The AI agent is more useful when it has context about what the user is looking at. If a user is on the order details page for Order #412 and asks "when was this delivered?" the agent should know they mean Order #412 without being told.

A context layer injects page context into the AI conversation. The current page, the selected order, the active filters, and the visible data summary are all included in the system prompt. The agent uses this context to interpret ambiguous queries and provide relevant responses without the user having to specify what they are asking about.

Multi-Provider Support

One design decision that proved valuable: the AI layer supports multiple providers through a factory pattern. The system works with OpenAI, Anthropic's Claude, and other providers through OpenRouter. Each provider uses the same tool definitions and the same query builders. The difference is in the model's reasoning quality and response style.

This matters for two reasons. First, enterprise customers often have approved vendor lists. If their organization has approved Anthropic but not OpenAI, the AI features still work. Second, different models have different strengths. Claude tends to be more careful about caveats and qualifications in analytical responses. GPT-4 tends to be more direct. Letting customers choose their provider gives them the interaction style that fits their preference.

Credentials are stored encrypted per-tenant, and the provider factory instantiates the correct client based on the tenant's configuration. Switching providers does not require any code changes. It is a settings change.

What the Agent Cannot Do

Constraints are as important as capabilities. The AI agent can read data through query builders. It cannot write data. It cannot change order statuses, send emails, modify attribution, or perform any destructive action without explicit user confirmation through the standard UI.

This is a deliberate design choice. Operational data has consequences. Changing an order status triggers notifications and updates dashboards. Sending a follow-up email reaches an actual customer. These actions should go through the same permission checks and audit logging as any other user action, not through an AI agent that might misinterpret a request.
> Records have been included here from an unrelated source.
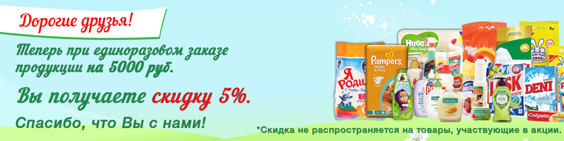 Теперь при единоразовом заказе продукции на 5000 руб. Вы получаете скидку 5%. Скидка не распространяется на товары, участвующие в акции.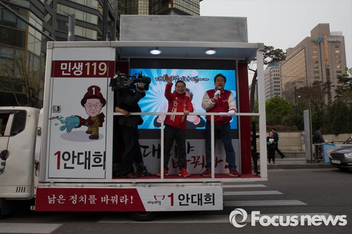 | △ 김무성-안대희 도로위 선거유세 |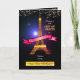 "Paris" temed, Eiffel Torn, "City of Ljus" guld ton, multi-färg och shock rosa-folderfoto Quinceañera firande, med symbolen Eiffel torn i multi-färger för att se ut som om det tänds med ljus på, ovanför och bakom. En banderoll som tillkännager en "Quinceañera" (15:e födelsedagsfesten) sitter på ena sidan torn på framsidan med dina tillfälle detaljer på baksidan med en upprepning av Eiffel Torn på ovansidan. Din dotters foto kan gå på den lämnat inuti eller så kan fotomallen tas bort, lämnande den tända bakgrunden.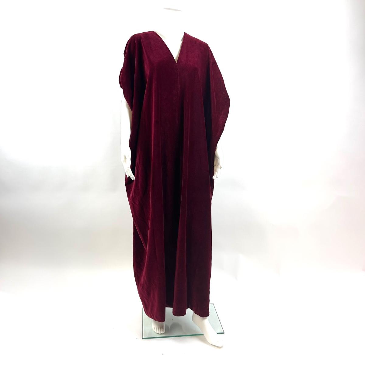 817 Vintage HALSTON IV Burgundy Velour House Dress

The agent can draft a follow-up email. It cannot send it. It can suggest that an order should be escalated. It cannot escalate it. The human stays in the loop for every action that changes state.

The Pattern

If you are building AI features into operational software, the pattern is: give the model tools, not database access. Build query builders for each data domain. Validate inputs in the query builders. Return structured results. Let the model handle language, not data. Inject page context for relevance. Support multiple providers for flexibility. And never let the agent write data without human confirmation.

This produces an AI assistant that is genuinely useful for operational questions, reliably accurate because it can only return real data, and safe because it cannot modify anything autonomously.

This architecture powers SampleHQ's AI assistant. It queries orders, samples, attribution, and customer data through purpose-built tools. It cannot hallucinate numbers because it can only return what the database contains.